### What you should do
For every line in the material, output its text exactly and exclude any image it holds.
***** Dataset content
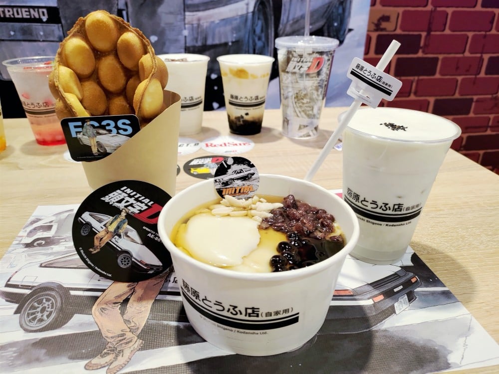 主題店同時結合餐飲,帶來藤原豆腐店豆花、杏仁豆腐、雞蛋仔、珍珠聖代、培根豆腐蛋沙拉貝果、烤雞腿鮮蔬沙拉等輕食。餐點皆以專屬主題插卡裝飾,並首創「豆花得來速」服務,致電預約餐點與取餐時間,不需下車即可在指定餐點結帳取餐!
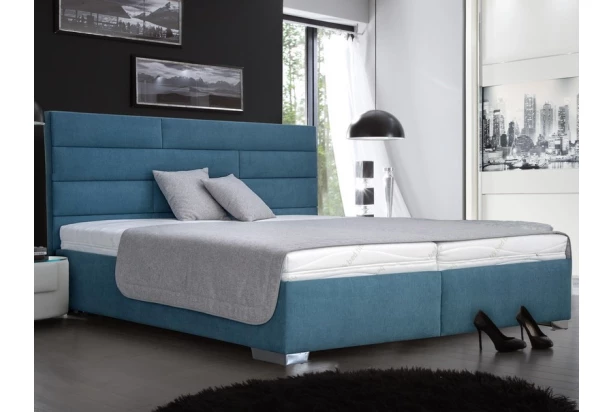 Trendová manželská posteľ o rozmere lôžka 180×200 cm, zaujme atraktívnym prešitím zadného čela. Navyše obsahuje polohovateľné rošty pre lepší komfort a úložné priestory pre praktické ukladanie vecí. Očalúnená látkou v tyrkysovo modrom odtieni.
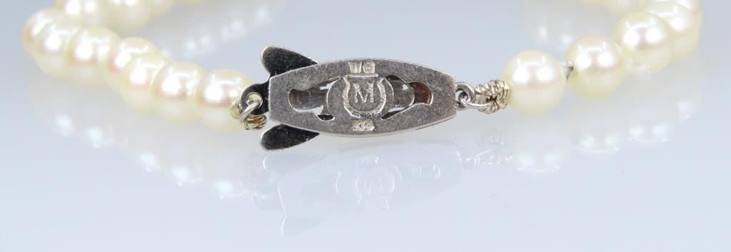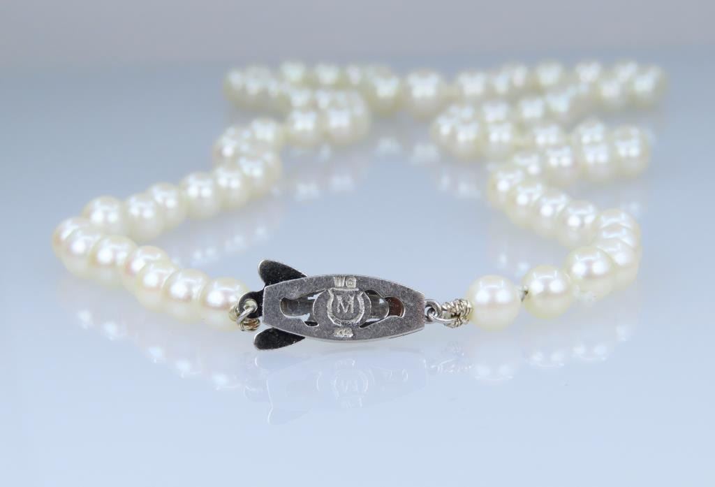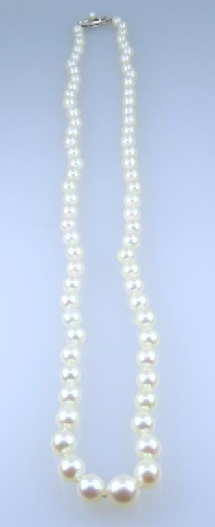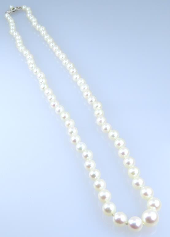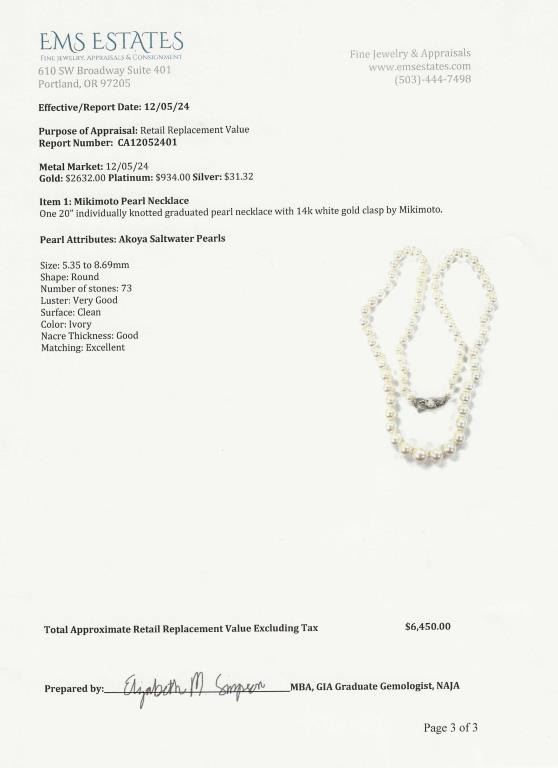 Necklace featuring natural graduating Akoya Saltwater Pearls ranging from 5.35 MM to 8.69 MM signed MIKIMOTO logo on a 14 karat white gold clasp. Full Appraised Retail Value - $6,450.00 A non-signed similar necklace sold at Heritage Auctions for over $40,000.00
**********
### Completed exercise
 主題店同時結合餐飲,帶來藤原豆腐店豆花、杏仁豆腐、雞蛋仔、珍珠聖代、培根豆腐蛋沙拉貝果、烤雞腿鮮蔬沙拉等輕食。餐點皆以專屬主題插卡裝飾,並首創「豆花得來速」服務,致電預約餐點與取餐時間,不需下車即可在指定餐點結帳取餐!
 Trendová manželská posteľ o rozmere lôžka 180×200 cm, zaujme atraktívnym prešitím zadného čela. Navyše obsahuje polohovateľné rošty pre lepší komfort a úložné priestory pre praktické ukladanie vecí. Očalúnená látkou v tyrkysovo modrom odtieni.
 Necklace featuring natural graduating Akoya Saltwater Pearls ranging from 5.35 MM to 8.69 MM signed MIKIMOTO logo on a 14 karat white gold clasp. Full Appraised Retail Value - $6,450.00 A non-signed similar necklace sold at Heritage Auctions for over $40,000.00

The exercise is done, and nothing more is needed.